Inspection results commonly show inadequate controls on the integrity, authenticity, and reliability of data, therefore embedding DI across the company culture is becoming essential.
This course is designed to provide guidance on regulatory requirements, DI risk-based approach, concepts and components ensuring Data Integrity across its lifecycle, from initial generation, recording, through processing, use, retention, archiving and retrieval.
Understanding Data Integrity is the basis for implementing systems and processes that fulfil the expectations of the health authorities.
Several guidance documents have been published within the last few years detailing Health Authorities’ expectations on implementing data governance, establishing control measures, and how procedures should cover the lifecycle of data and documents.The first day will cover these regulatory requirements and Data Integrity expectations for data and documents, related key concepts, and expands on the practicalities of assessing Data Integrity Risks and Compliance Controls.

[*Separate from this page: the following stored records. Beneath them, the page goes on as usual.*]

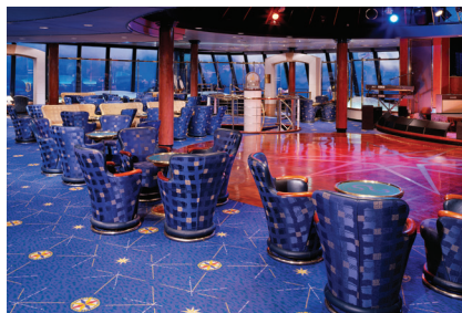
Galaxy of the Stars

This top-of-the-ship lounge offers fantastic views, nightly live music, dancing and cocktails. Seating capacity 408 (9,042 sq. ft.) (840 m 2 )
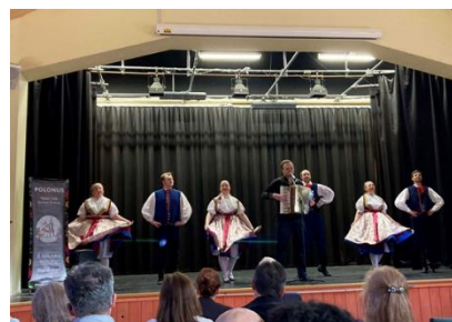
Accordian in Slavic Folklore: Past – Present – Future – Polonus Polish Folk Dance Group
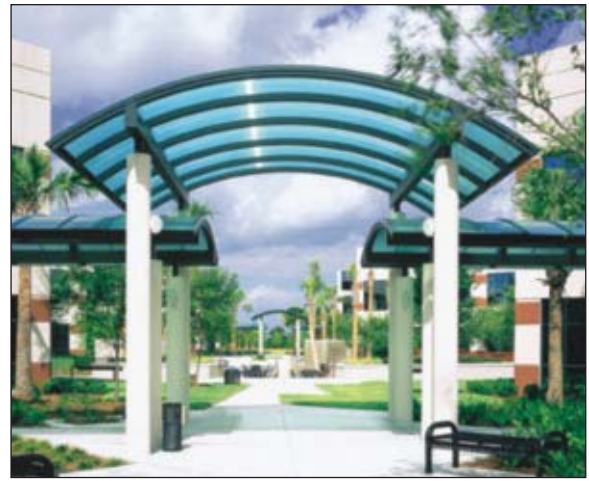
#1384 Franklin Templeton Corporate Office - Custom Clearspan Walkway system. No purlins required, rafter spacing 3.94' on center
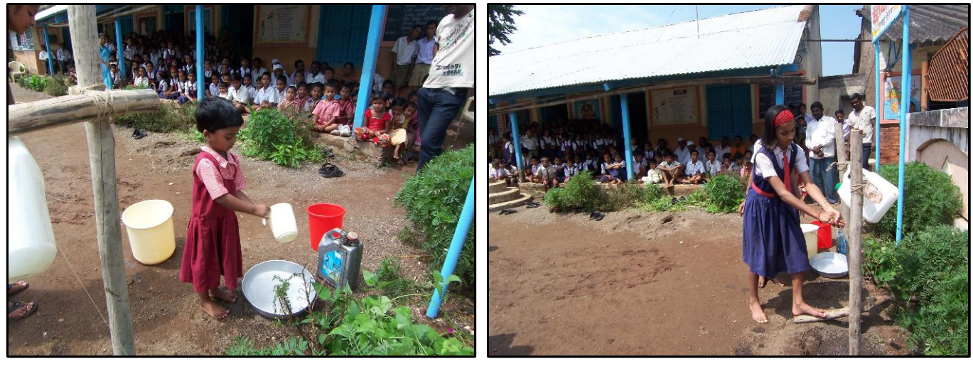
A student demonstrating the amount of water required to wash your hands in the traditional manner using a mug and bucket.
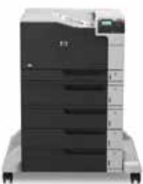
HP Color LaserJet Enterprise M750xh
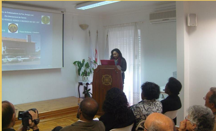
Int'l Day of Families, WFWP Portugal
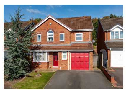
12 Dudmaston Way, Milking Bank, Dudley
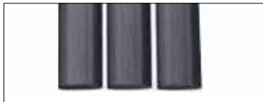
ART.WELD/01 (15 pieces) 11mm Flat Black PP*Strip
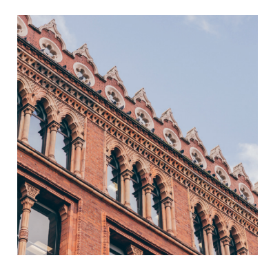
SPACE TO GROW YOUR BUSINESS.
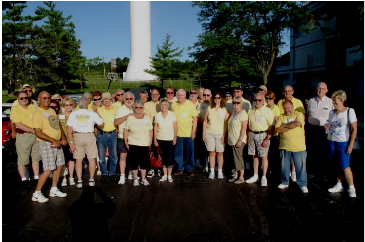
Photo of the Month “Yellow Shirt Day” in Dayton at the 5th Annual Great Lakes Rendezvous

The second day is built as a workshop focusing on real-life examples. Split into small groups we will analyse real cases, investigate the root cause, define priorities, and end with potential corrective and preventive actions. Results are shared and discussed with all participants during the day. This workshop will lead course participants to be able to develop activities that will help achieve DI compliance in their own business and to better understand the importance of DI across the GxPs. Attendees will gain best practices to ensure their data is managed reliably and to be able to minimize the threats of poor Data Integrity to clinical trials.
The course provides a mixture of presentations, discussions and practical workshops.